DATASET CONTENT
[Start of section]
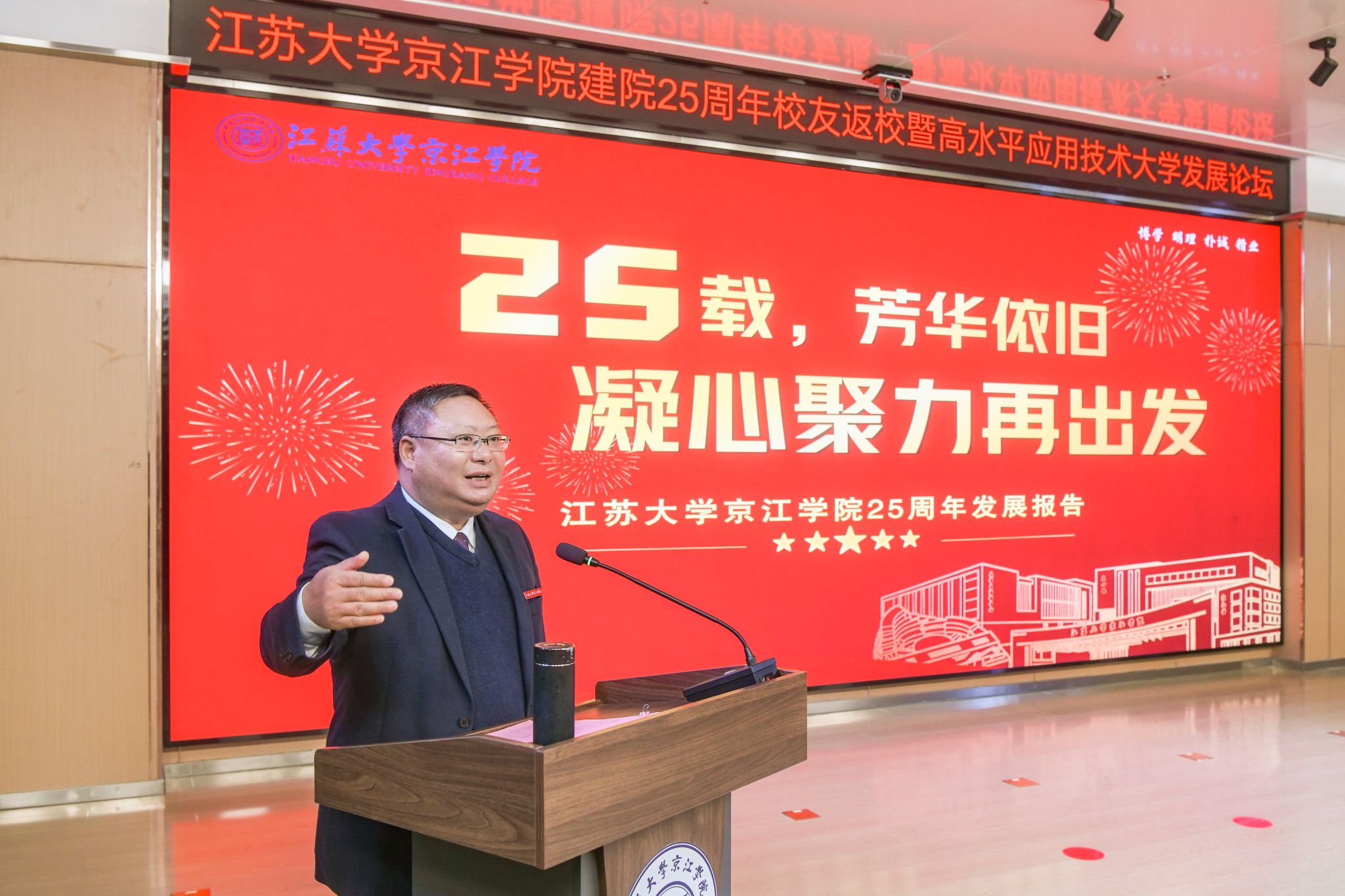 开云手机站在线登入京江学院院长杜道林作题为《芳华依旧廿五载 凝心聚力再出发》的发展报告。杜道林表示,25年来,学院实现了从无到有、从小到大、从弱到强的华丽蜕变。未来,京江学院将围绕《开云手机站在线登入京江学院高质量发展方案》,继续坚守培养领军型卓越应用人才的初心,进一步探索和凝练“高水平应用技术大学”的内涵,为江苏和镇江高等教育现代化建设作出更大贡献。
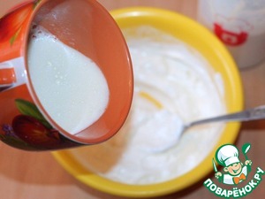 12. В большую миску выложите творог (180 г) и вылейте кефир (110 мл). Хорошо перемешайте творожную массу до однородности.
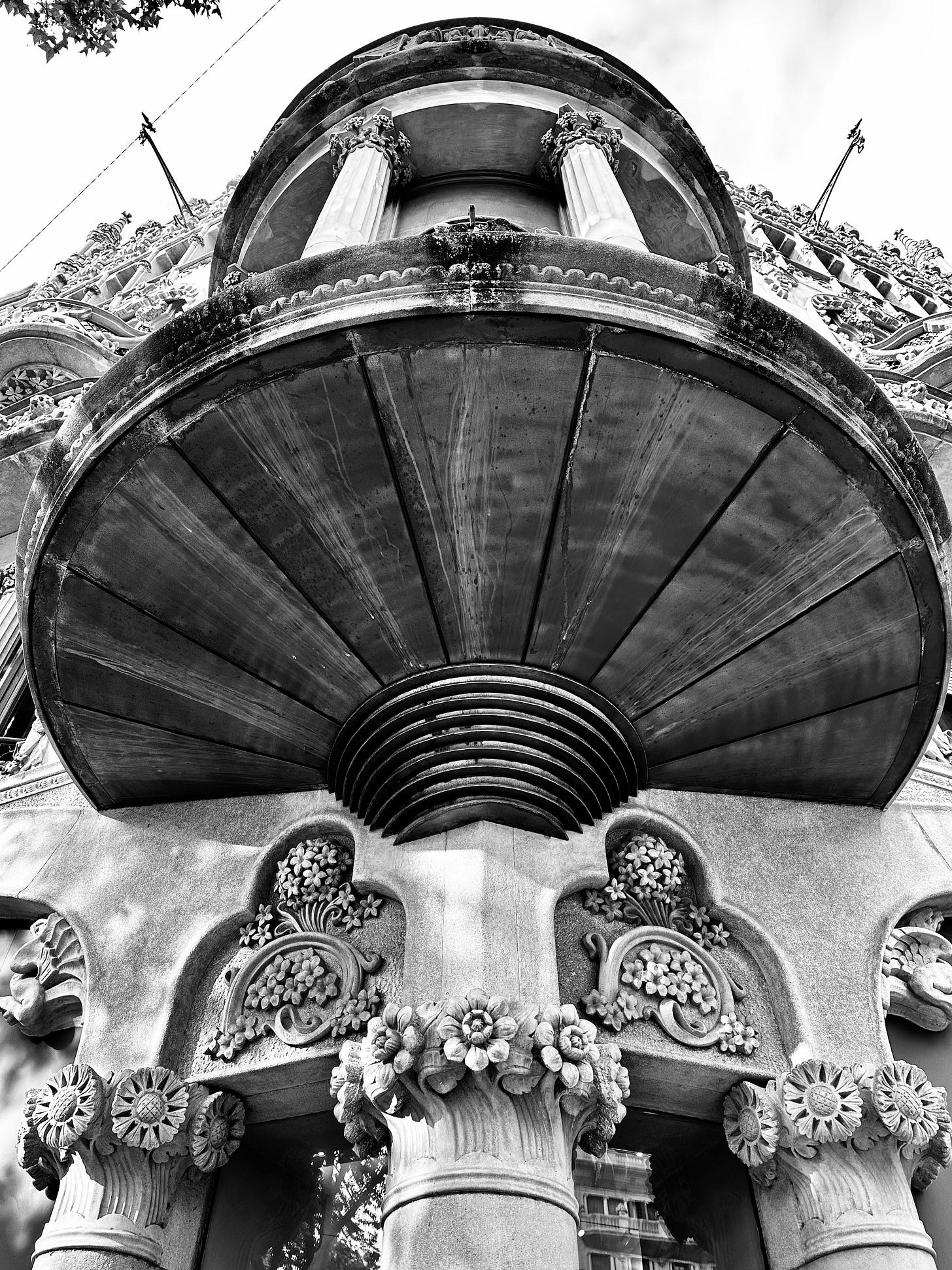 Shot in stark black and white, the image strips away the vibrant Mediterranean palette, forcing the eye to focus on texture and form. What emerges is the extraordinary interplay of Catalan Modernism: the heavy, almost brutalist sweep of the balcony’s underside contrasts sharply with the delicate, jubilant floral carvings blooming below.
[End of section]
YOUR TASK
Omit the pictures, then print the rest of the listing above exactly.

RESPONSE
 开云手机站在线登入京江学院院长杜道林作题为《芳华依旧廿五载 凝心聚力再出发》的发展报告。杜道林表示,25年来,学院实现了从无到有、从小到大、从弱到强的华丽蜕变。未来,京江学院将围绕《开云手机站在线登入京江学院高质量发展方案》,继续坚守培养领军型卓越应用人才的初心,进一步探索和凝练“高水平应用技术大学”的内涵,为江苏和镇江高等教育现代化建设作出更大贡献。
 12. В большую миску выложите творог (180 г) и вылейте кефир (110 мл). Хорошо перемешайте творожную массу до однородности.
 Shot in stark black and white, the image strips away the vibrant Mediterranean palette, forcing the eye to focus on texture and form. What emerges is the extraordinary interplay of Catalan Modernism: the heavy, almost brutalist sweep of the balcony’s underside contrasts sharply with the delicate, jubilant floral carvings blooming below.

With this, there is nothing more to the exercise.